START Data to examine

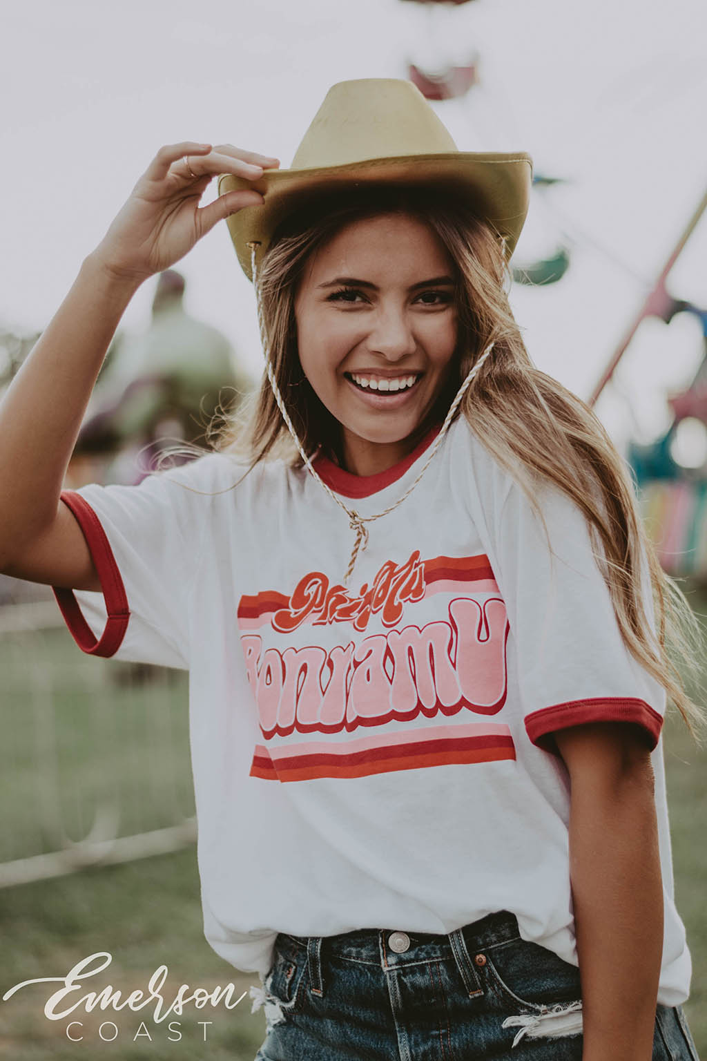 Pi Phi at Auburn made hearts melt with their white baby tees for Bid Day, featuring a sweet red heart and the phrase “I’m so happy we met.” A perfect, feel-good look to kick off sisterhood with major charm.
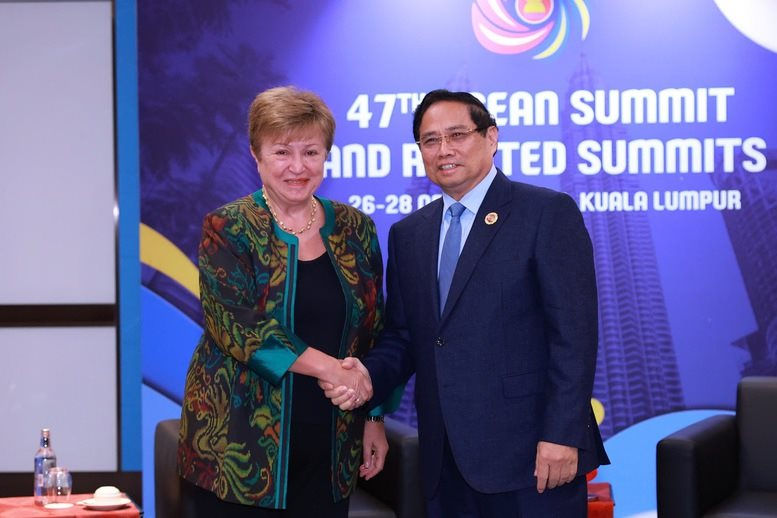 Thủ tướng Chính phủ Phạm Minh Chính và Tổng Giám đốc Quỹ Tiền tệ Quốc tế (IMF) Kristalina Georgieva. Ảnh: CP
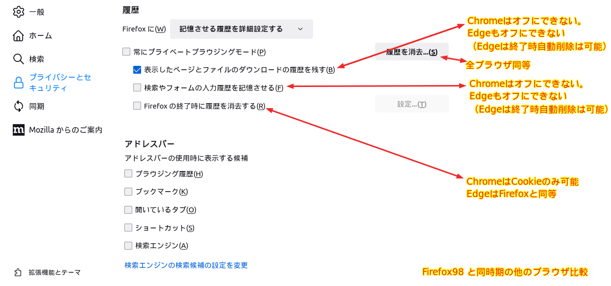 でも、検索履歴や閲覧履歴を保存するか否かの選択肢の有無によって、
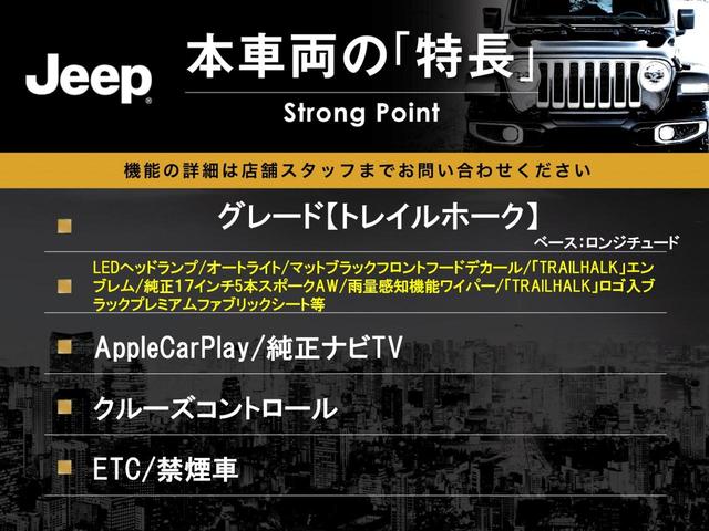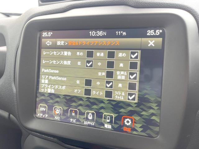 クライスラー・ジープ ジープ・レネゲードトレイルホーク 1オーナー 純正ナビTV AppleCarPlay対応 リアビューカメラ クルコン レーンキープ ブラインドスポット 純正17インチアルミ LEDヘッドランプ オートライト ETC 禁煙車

END Data to examine
START Data to examine

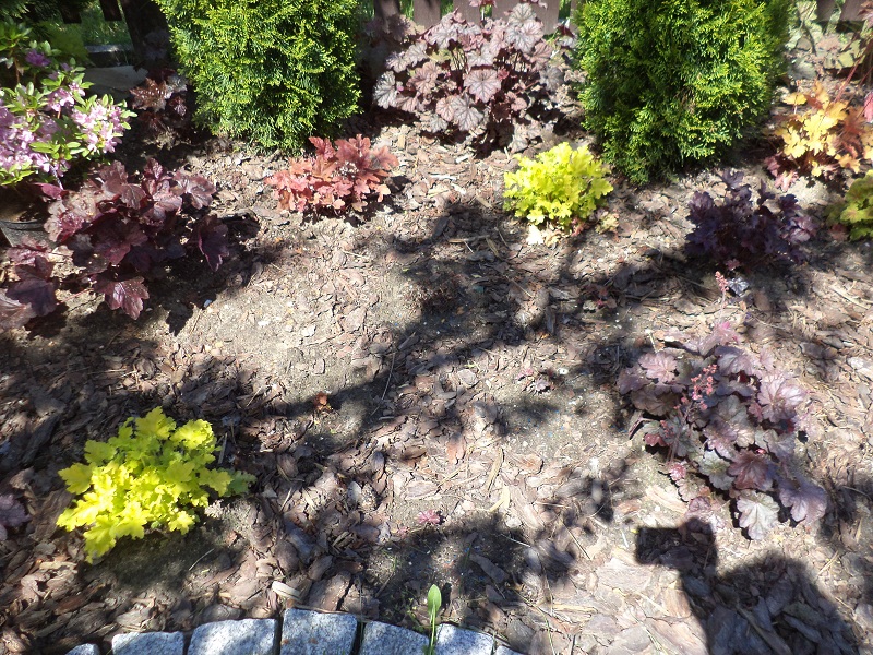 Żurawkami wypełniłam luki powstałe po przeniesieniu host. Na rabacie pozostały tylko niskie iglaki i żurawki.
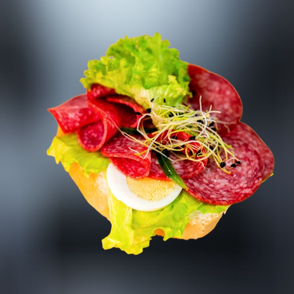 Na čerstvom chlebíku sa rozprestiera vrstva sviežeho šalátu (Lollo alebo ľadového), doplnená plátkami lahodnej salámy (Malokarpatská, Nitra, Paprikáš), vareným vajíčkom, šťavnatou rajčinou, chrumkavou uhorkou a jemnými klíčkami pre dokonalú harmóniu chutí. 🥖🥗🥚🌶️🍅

END Data to examine
START Data to examine

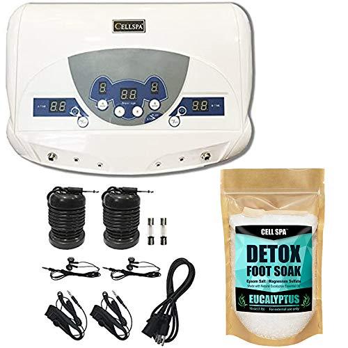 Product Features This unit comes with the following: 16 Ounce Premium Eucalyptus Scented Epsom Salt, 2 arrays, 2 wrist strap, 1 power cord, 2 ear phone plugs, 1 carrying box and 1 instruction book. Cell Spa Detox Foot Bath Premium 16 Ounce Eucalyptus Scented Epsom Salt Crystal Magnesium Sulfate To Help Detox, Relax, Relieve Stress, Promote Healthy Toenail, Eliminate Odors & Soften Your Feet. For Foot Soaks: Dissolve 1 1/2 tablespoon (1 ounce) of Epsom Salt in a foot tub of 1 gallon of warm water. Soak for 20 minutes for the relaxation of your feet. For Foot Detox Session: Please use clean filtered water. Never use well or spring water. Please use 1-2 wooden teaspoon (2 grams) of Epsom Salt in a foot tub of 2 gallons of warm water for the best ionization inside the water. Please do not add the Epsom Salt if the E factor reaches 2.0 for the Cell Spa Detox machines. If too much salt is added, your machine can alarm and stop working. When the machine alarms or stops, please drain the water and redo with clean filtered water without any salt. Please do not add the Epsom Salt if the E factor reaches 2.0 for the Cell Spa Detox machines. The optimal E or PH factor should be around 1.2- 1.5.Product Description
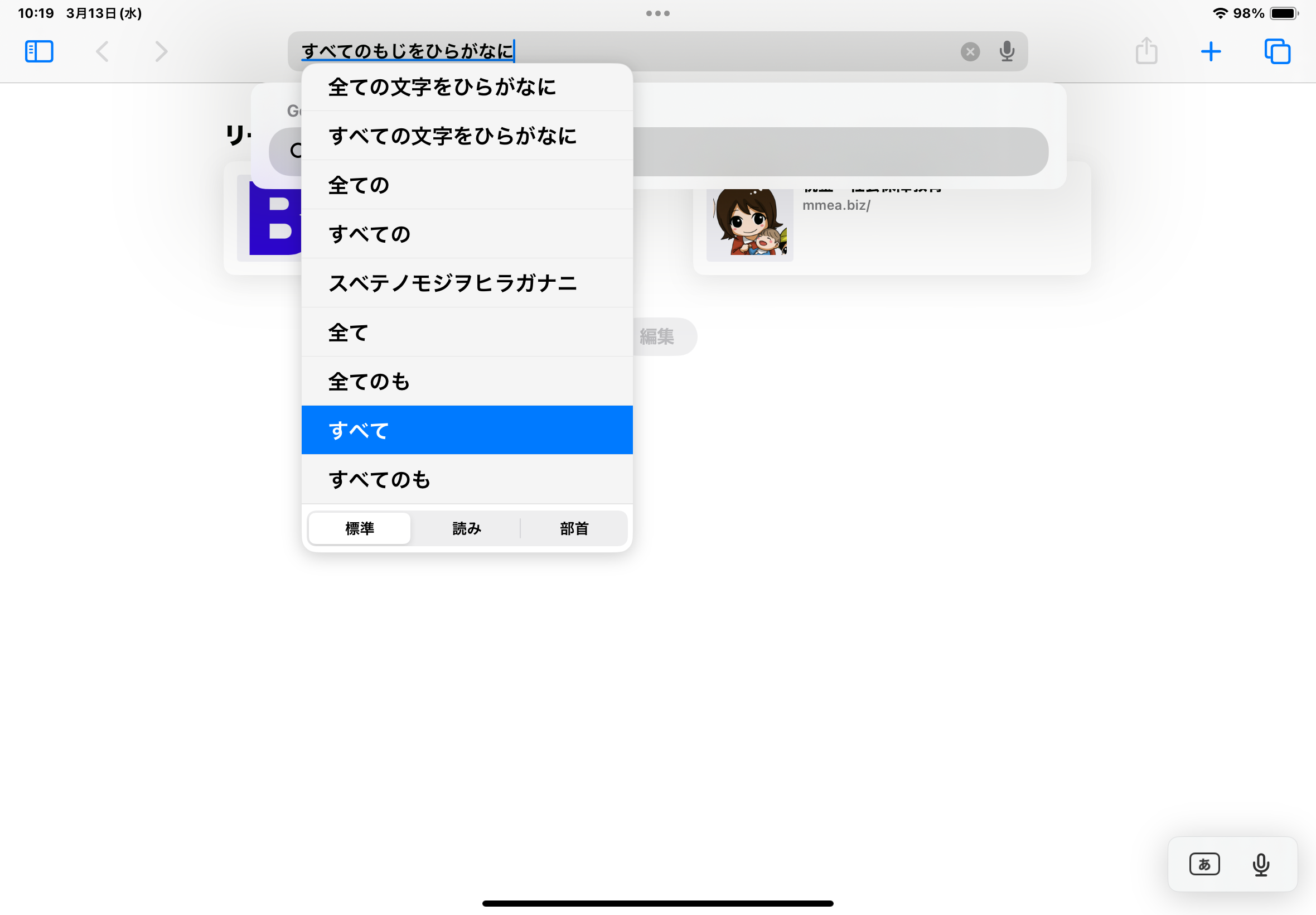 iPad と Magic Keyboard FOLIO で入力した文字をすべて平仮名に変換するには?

END Data to examine

■ Task to complete ■
Go to the line above that contains "Pi Phi at Auburn" and reproduce everything exactly from there through the line that contains "でも、検索履歴や閲覧履歴を保存するか否かの選択肢の有無によって、", leaving out the pictures.

■ Expected answer ■
 Pi Phi at Auburn made hearts melt with their white baby tees for Bid Day, featuring a sweet red heart and the phrase “I’m so happy we met.” A perfect, feel-good look to kick off sisterhood with major charm.
 Thủ tướng Chính phủ Phạm Minh Chính và Tổng Giám đốc Quỹ Tiền tệ Quốc tế (IMF) Kristalina Georgieva. Ảnh: CP
 でも、検索履歴や閲覧履歴を保存するか否かの選択肢の有無によって、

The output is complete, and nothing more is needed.